Records excerpted from a collection
%%
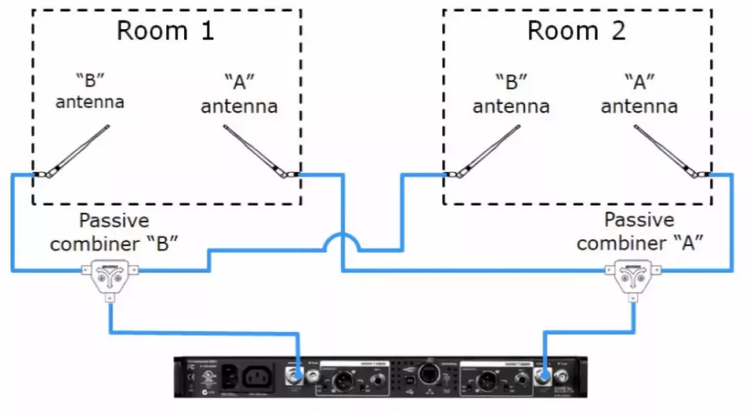 在安装了多对接收天线以增加无线话筒系统覆盖范围的情况下,可以无源合并天线以向接收机或天线分配系统传输单个射频输入。用于此目的时,舒尔UA221,以及设为无源合并模式的PA421B和PA821B IEM发射机合并器都非常适合。除了通道容量之外,这些单元之间的主要区别在于UA221在天线输入之间提供大约15dB的隔离度,而PA421B和PA821B提供大约60dB的隔离度。如果天线位于物理隔离的空间中,例如会议中心的多个房间,则组合器的输入隔离通常不太重要。但是,如果将多个天线安装在同一个物理空间中时,PA421B和PA821B额外提供的输入隔离就变得非常重要。
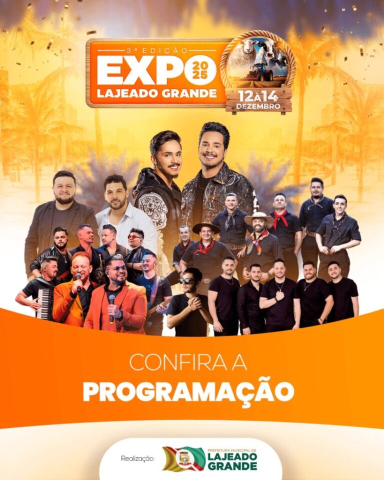 Vai iniciar na sexta-feira (12) e seguinte até o domingo (14) a 3ª Edição da Expo Lajeado Grande 2025, grandes atrações regionais e nacionais e
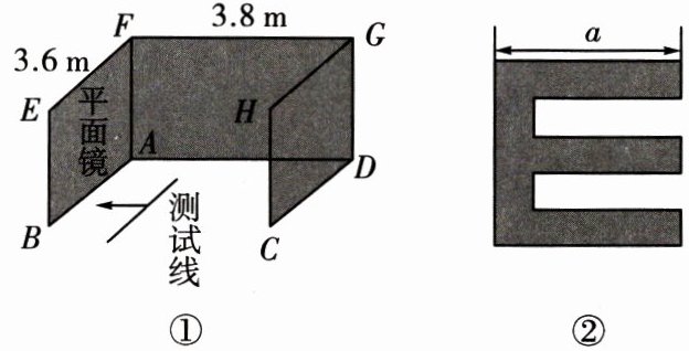 (1)如图,若将视力表挂在墙 CDGH 上,在墙 ABEF 上挂一面足够大的平面镜,根据平面镜成像原理可知:测试线应画在距离墙 ABEF
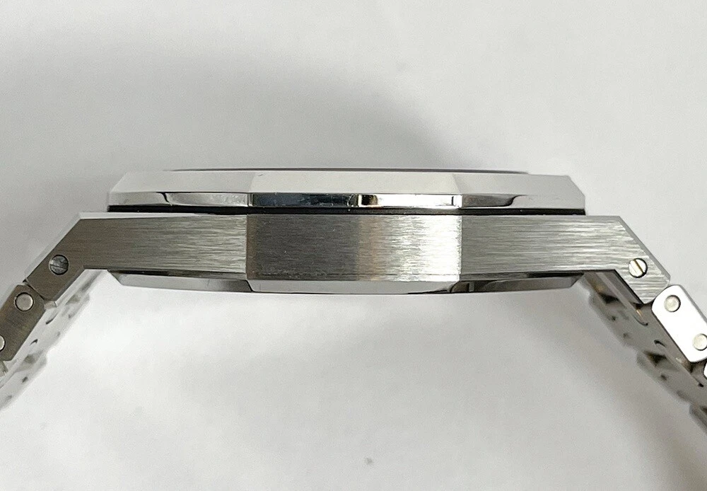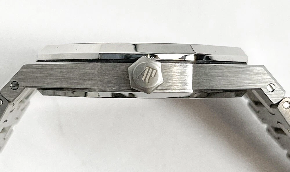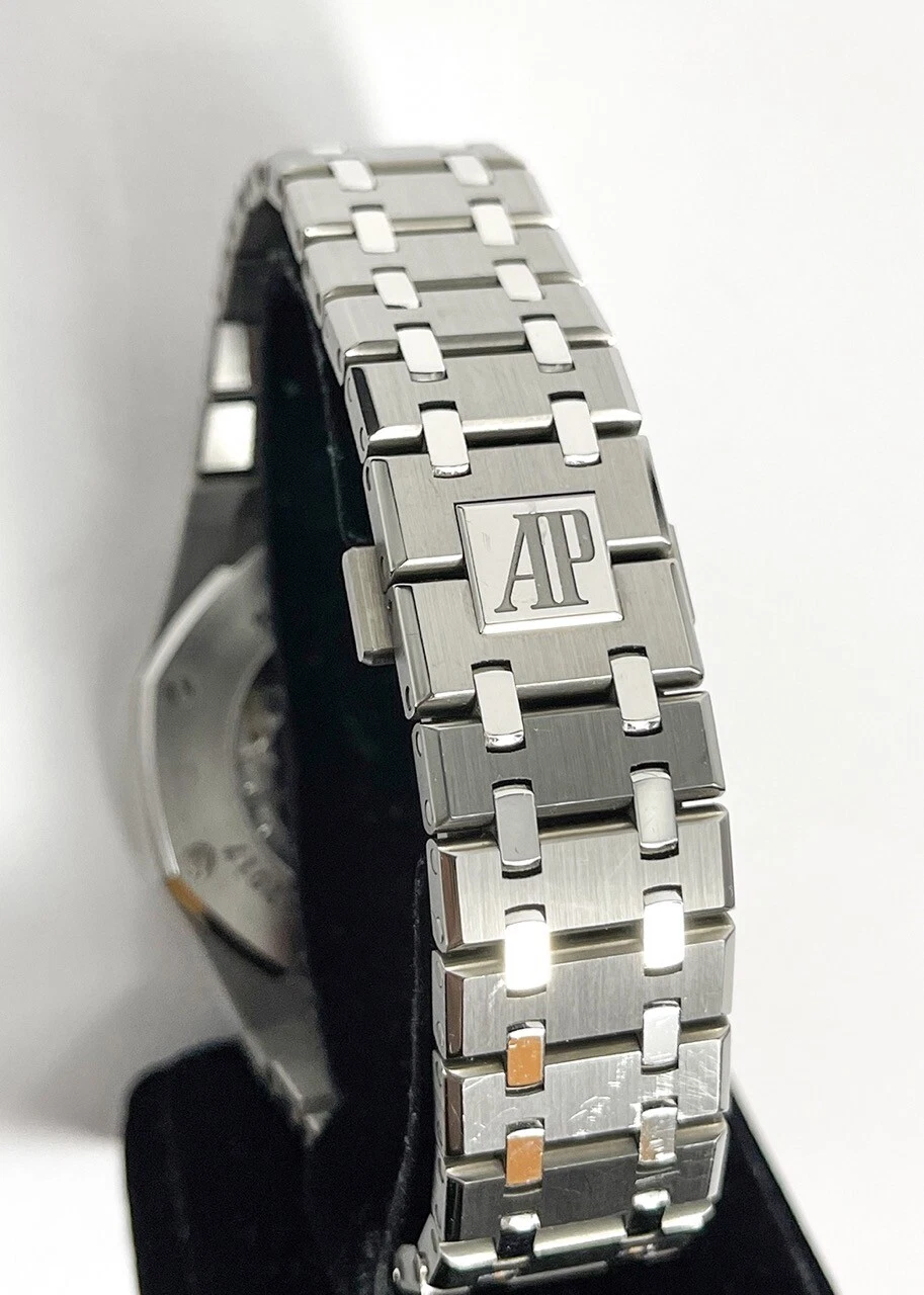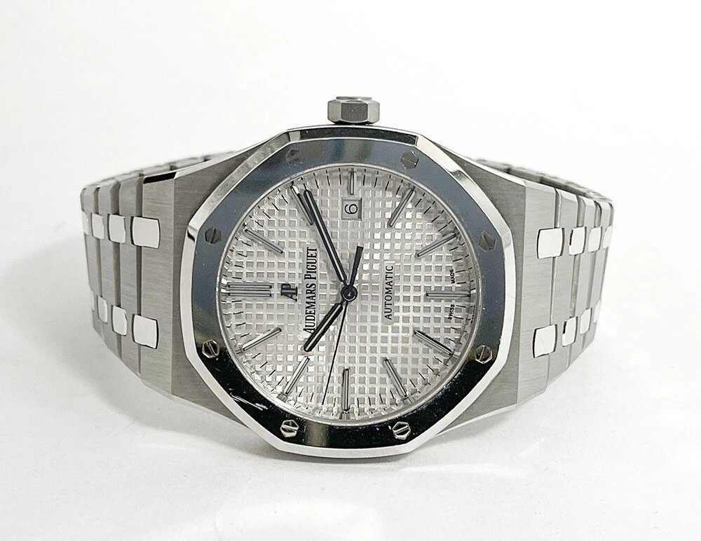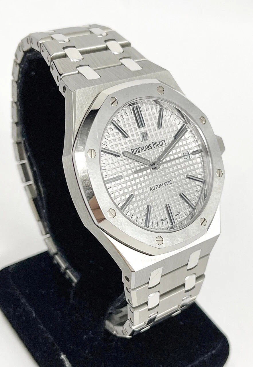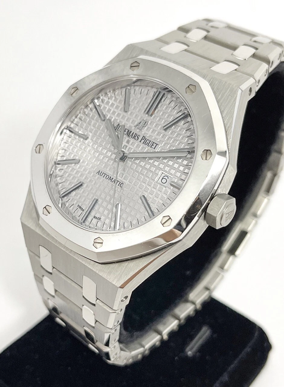 | Dial | Rhodium-toned dial with “Grande Tapisserie” pattern, white gold applied hour-markers and Royal Oak hands with luminescent coating |
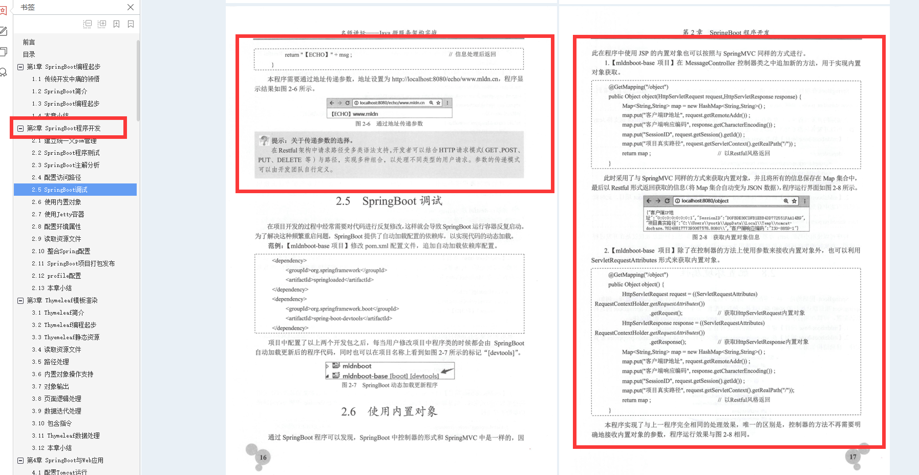 **第2章SpringBoot程序开发:**本章将为读者详细讲解SpringBoot开发常用的各项技术,包括代码测试、Jetty配置、资源加载、访问路径、profile配置、项目打包等。
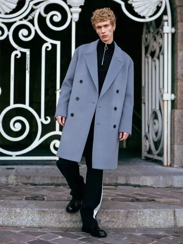 很多大衣虽然款式普通,但一旦配上雾霾蓝色,立刻就有了完全不一样的感觉。
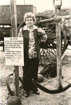 Rachel Martindale, curator, Cassia County Museum, Burley, Idaho, with anchor from the Burroughs family gold-dredging houseboat. |
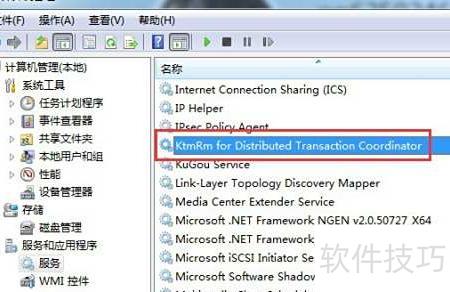 5、 在服务列表中定位到分布式事务协调器的KtmRm,然后进行双击操作。
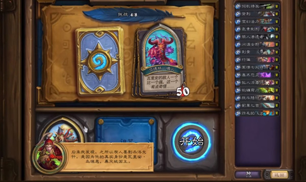 对面的英雄技能是3费从牌库中装备一把武器并使其获得+1攻击力。AI似乎会倾向于和玩家抢脸,所以玩家的起手最好要找一下节奏比较顺畅的,就很容易过了。
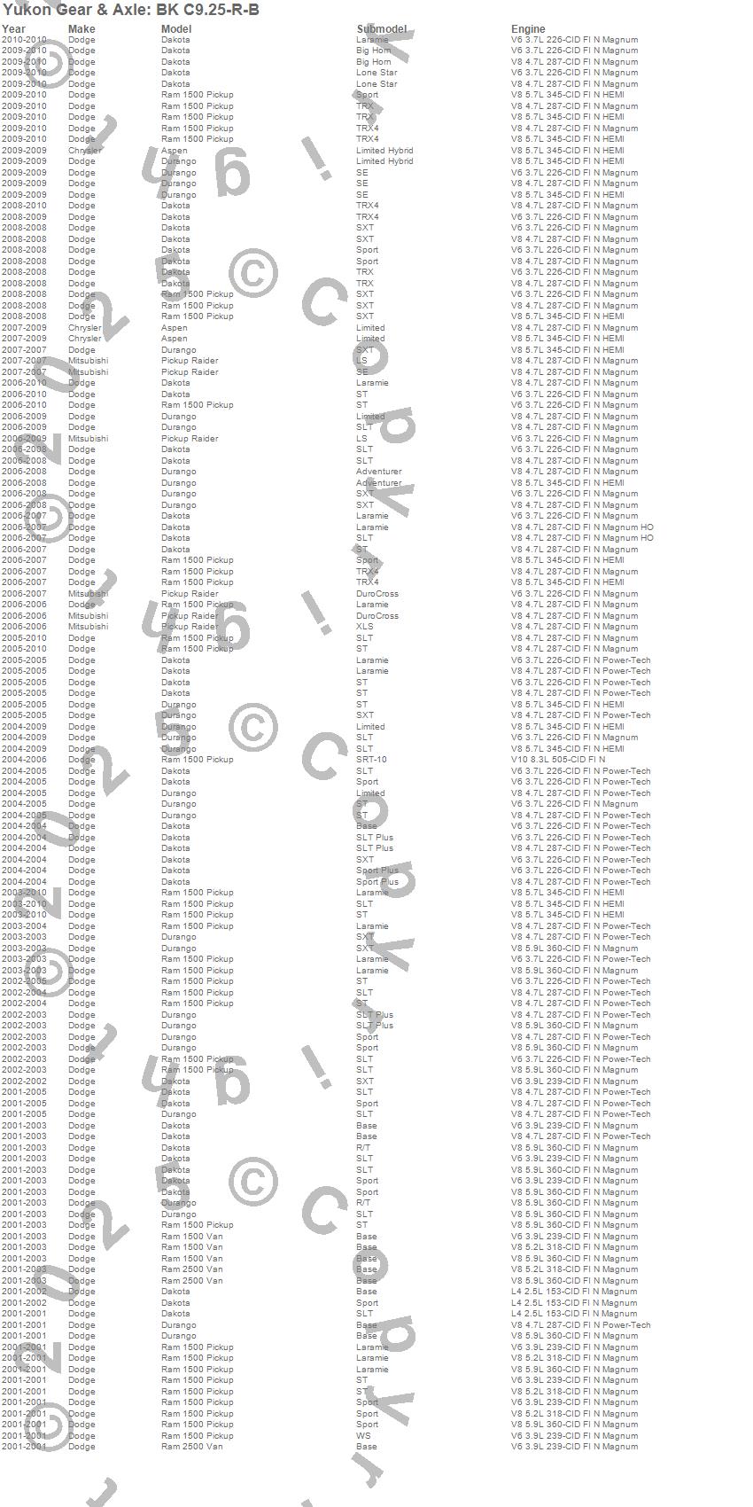 Below is an abreviated list of applications for the Differential Bearing Kit.
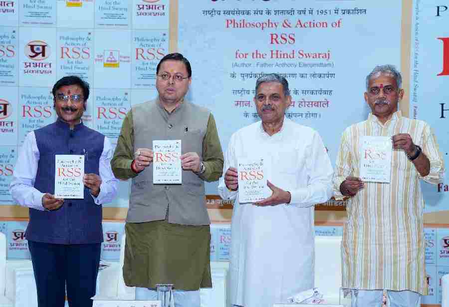 मुख्यमंत्री पुष्कर सिंह धामी ने आई आर डी टी  सभागार देहरादून में आयोजित कार्यक्रम में राष्ट्रीय स्वयंसेवक संघ पर पुर्नप्रकाशित पुस्तक के संस्करण फिलॉसोफी एंड एक्शन ऑफ़ आरएसएस फॉर हिन्द स्वराज का लोकार्पण किया। इस अवसर पर राष्ट्रीय स्वयंसेवक संघ के सरकार्यवाह,श्री दत्तात्रेय होसबोले , राष्ट्रवादी चिंतक एवं ‘प्रज्ञा प्रवाह’ विशिष्ट वैचारिक मंच के संयोजक,  श्री जे. नंदकुमार भी उपस्थित थे।
%%
**Description of the task:**
With pictures excluded, reproduce exactly the lines above from the one containing "Rachel Martindale, curator, Cassia" down to the one containing "Below is an", those two included.

**Solution for this task:**
 Rachel Martindale, curator, Cassia County Museum, Burley, Idaho, with anchor from the Burroughs family gold-dredging houseboat. |
 5、 在服务列表中定位到分布式事务协调器的KtmRm,然后进行双击操作。
 对面的英雄技能是3费从牌库中装备一把武器并使其获得+1攻击力。AI似乎会倾向于和玩家抢脸,所以玩家的起手最好要找一下节奏比较顺畅的,就很容易过了。
 Below is an abreviated list of applications for the Differential Bearing Kit.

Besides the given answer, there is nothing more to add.